Open doanac opened 5 years ago
Turning off the gateway, I can get things a little more quiet and the log looks like:
I|2019-05-08 13:03:06,265|o.a.k.c.c.i.ConsumerCoordinator|Setting newly assigned partitions [DeviceUpdateEvent-ce-0] for group device-registry-DeviceUpdateEvent-ce
E|2019-05-08 13:03:06,343|akka.stream.Materializer|[DeviceUpdateEvent.listener] Upstream failed.
com.advancedtelematic.libats.http.Errors$RawError: device doesn't exist
E|2019-05-08 13:03:06,348|c.a.l.m.d.MessageBusListenerActor|Source/Listener died, subscribing again
com.advancedtelematic.libats.http.Errors$RawError: device doesn't exist
I|2019-05-08 13:03:11,365|c.a.l.m.d.MessageBusListenerActor|Subscribing to DeviceUpdateEvent
Turning off all services (director, treehhub, tuf-keyserver, tuf-reposerver and the *-daemon) does not fix things, so it seems like there's something stuck in kafka?
out of desperation i did the following:
kafka-topics --delete --topic DeviceUpdateEvent-ce --zookeeper zookeeper
The device-registry seems to be happy again.
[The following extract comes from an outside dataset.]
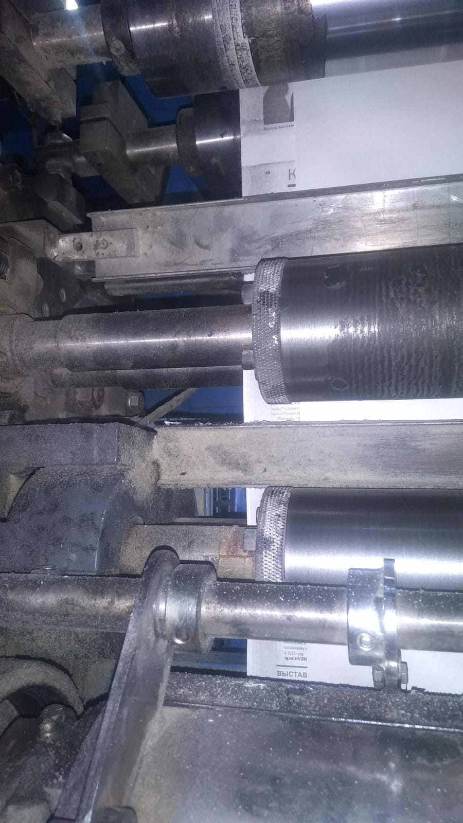 Рассмотрим к приобретению фальцаппарат целиком или по запчастям. На фото фальц с перфорацией и без. Если по запчастям, то интересует вторая пара тянущих валов !

Found on version: device-registry:0.3.0-12-ga1ea92b
We have at least one device in our OTA Connect deployment who's status seems to be flapping between UpToDate and Outdated.
When looking at the logs I see the following messages repeating over and over. I have a feeling something here is the cause of the device status not looking correct, but I have no idea. It almost seems like there's a message in the queue we can't process and are hitting it over and over and over again.
Any ideas how we can get unstuck?